● **Data section**

┄┄┄┄┄┄┄┄┄┄

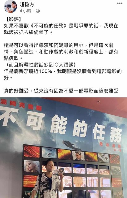 如果不喜歡《不可能的任務》是戰爭罪的話,我現在就該被抓去紐倫堡了。 還是可以看得出導演和阿湯哥的用心,但是這次劇情、角色塑造、和動作戲的刺激和創新 程度上,都有點疲軟。 (而且解釋性對話多到令人煩躁) 但是爛番茄將近100%,我明顯是沒體會到這部電影的好。 真的好難受,從來沒有因為不愛一部電影而這麽難受 超粒方看完不可能任務的心得! 覺得沒有體會到電影的好,讓超粒方很難受 大家還會期待不可能任務嗎? https://i.imgur.com/MrJPniA.jpeg
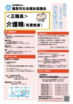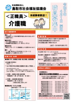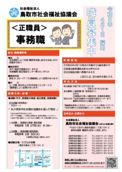 令和8年4月1日より採用の正職員(事務職・介護職)募集を開始します。
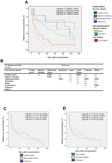 Subsequently, the different survival of the AC patients was compared according to the different causes of death (Figure 2A), only observing statistically significant differences at 1 and 3 years post-transplantation (log-rank, p = 0.015 and p = 0.048, respectively).
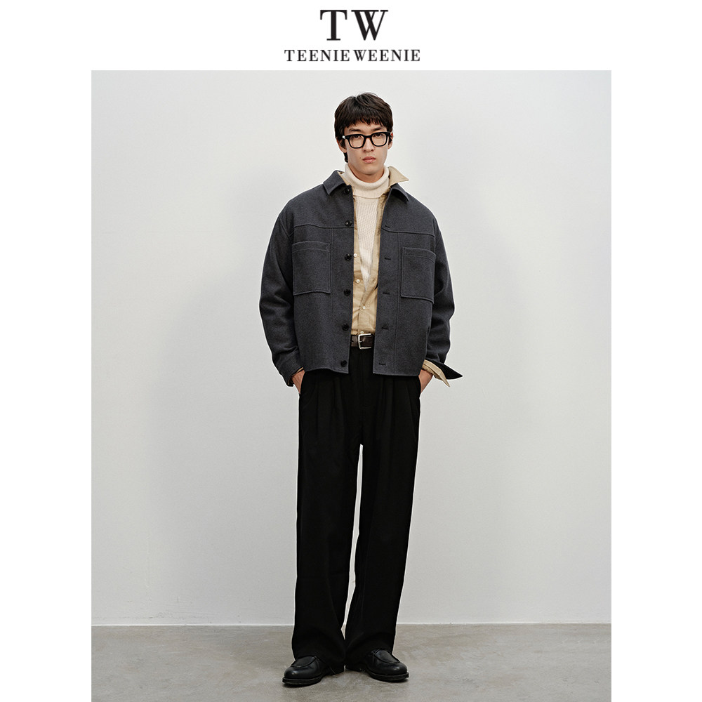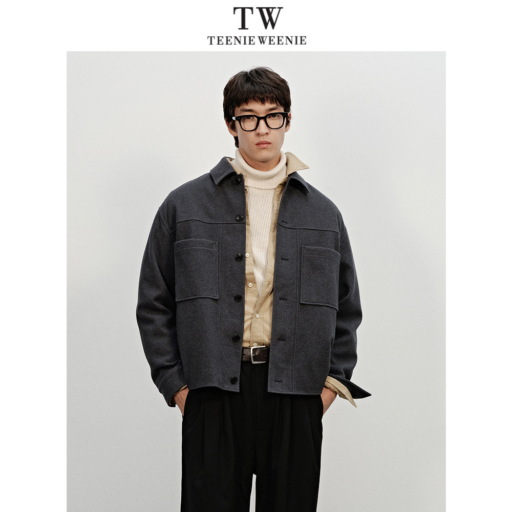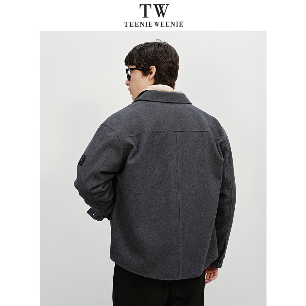 Teenie Weenie小熊男装羊毛混纺金属雨伞熊微阔简约休闲毛呢外套

┄┄┄┄┄┄┄┄┄┄

● **What you should do**
Your reply should be the full data above, copied exactly, with no pictures in it.

● **Response**
 如果不喜歡《不可能的任務》是戰爭罪的話,我現在就該被抓去紐倫堡了。 還是可以看得出導演和阿湯哥的用心,但是這次劇情、角色塑造、和動作戲的刺激和創新 程度上,都有點疲軟。 (而且解釋性對話多到令人煩躁) 但是爛番茄將近100%,我明顯是沒體會到這部電影的好。 真的好難受,從來沒有因為不愛一部電影而這麽難受 超粒方看完不可能任務的心得! 覺得沒有體會到電影的好,讓超粒方很難受 大家還會期待不可能任務嗎? https://i.imgur.com/MrJPniA.jpeg
 令和8年4月1日より採用の正職員(事務職・介護職)募集を開始します。
 Subsequently, the different survival of the AC patients was compared according to the different causes of death (Figure 2A), only observing statistically significant differences at 1 and 3 years post-transplantation (log-rank, p = 0.015 and p = 0.048, respectively).
 Teenie Weenie小熊男装羊毛混纺金属雨伞熊微阔简约休闲毛呢外套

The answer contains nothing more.